“What the hell are you talking about?”
“I saw your wife in Nashville that day, Dr. Brockton. At the Vanderbilt Plaza Hotel. With a man. They were having lunch. He was holding her hand.”
I felt confused. I felt sick. And I felt mad as hell at Steve. “You’re mistaken,” I said angrily. “Kathleen was here—on this campus, in the library—all day and most of the evening.” He shook his head, and I wanted to hit him. “You barely know her, Steve—you’ve seen her, what, two or three times in your life? I can’t believe you’d accuse her of something like this.” I spun and walked away, across the goal line, toward midfield.
“BDK 643,” he called after me.
I stopped in my tracks, then turned to look at him. “What did you say?” It was a reflexive question, one I needn’t have asked.
“BDK 643,” he repeated. “That’s the tag of the car she drove away in. Toyota Camry with a Knox County plate. I ran it. It’s registered to you.”
“I know,” I said. My knees had gone weak. I motioned to a bench by the sideline and sat down heavily. I felt as if someone—someone big, like a UT defensive lineman or cornerback—had just knocked me flat. “Tell me what you saw. Start at the beginning. Don’t leave anything out.”
THIRTY MINUTES LATER, KATHLEEN OPENED HER office door.
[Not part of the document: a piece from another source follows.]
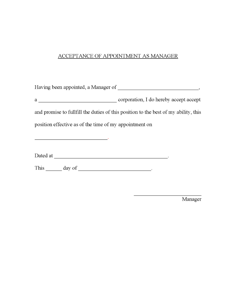 Acceptance of Appointment as Manager Word September 17, 2021Full resolution (768 × 994) ← Previous Next → Acceptance of Appointment as Manager Word Acceptance of Appointment as Manager Word

When she saw me sitting behind her desk, she dropped her keys. They clattered to the floor with unnatural loudness. “Bill. You scared me to death. What are you doing here?”
“Who is it, Kathleen?”
“What?”
“Who is it? Who is he? You’re having an affair. I want to know who the sonofabitch is.”
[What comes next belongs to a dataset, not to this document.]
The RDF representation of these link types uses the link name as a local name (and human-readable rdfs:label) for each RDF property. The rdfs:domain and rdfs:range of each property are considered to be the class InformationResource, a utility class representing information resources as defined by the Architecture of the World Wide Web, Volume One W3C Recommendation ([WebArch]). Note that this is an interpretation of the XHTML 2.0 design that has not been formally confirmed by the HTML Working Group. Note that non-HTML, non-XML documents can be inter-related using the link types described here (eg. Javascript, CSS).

She gave me an odd look. There was no shame in it, as I’d expected there would be; instead, I saw . . . what? Grimness? Sorrow? Disappointment? “No,” she said after a moment. “I’m not having an affair.”
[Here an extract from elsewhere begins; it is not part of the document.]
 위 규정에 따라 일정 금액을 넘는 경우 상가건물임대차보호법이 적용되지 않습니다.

“Dammit, Kathleen, stop lying to me. You said you were in the library all day Monday. Writing. Trying to meet a submission deadline. That’s a lie. You were in Nashville.” Her eyes narrowed and her chin lifted slightly—a warning sign, one that might have given me pause under any other circumstances. “You were with a man at the Vanderbilt Plaza Hotel. Don’t even think about telling me you weren’t, because I know.”
“You’ve been spying on me?”
“No, I have not been spying on you,” I said. “Steve Morgan saw you there. Saw you holding hands with some man. He thought I deserved to know.” I shook my head. “I told Steve he was wrong—told him it couldn’t’ve been you, because you were here at UT, working in the library. But then he showed me a picture of your car, and your license plate. And then he showed me a picture of you and your boyfriend.” I had expected to stay furious—intended to stay furious—but I felt my anger crumbling, and I felt tears rolling down my face. “Why, Kathleen? You’re always talking about what a good life we have. What a good marriage we have. Why would you risk throwing all that away?”
“And you,” she said. “Why would you be so quick to doubt me?” Her briefcase fell to the floor and she slumped backward against the door, then hung her head, putting her face in her hands. I heard her breath grow ragged, and by the time she dropped her hands and looked up—only a few seconds later—she had aged a decade, her face slack and bleak. “Oh, honey,” she whispered. “I’ve been needing to talk to you. But I’ve been afraid to tell you . . . because it’s really hard . . . and I knew . . . it would make you . . . so sad.” She fought for breath, shaking her head slowly. “It’s not . . . what you think.”
I slapped the top of the desk, so hard it sounded like a rifle shot, and she flinched so hard the door rattled in its frame. “Jesus, Kathleen, don’t give me that crap,” I began, but she held up a hand, and the haunted expression in her face stopped me.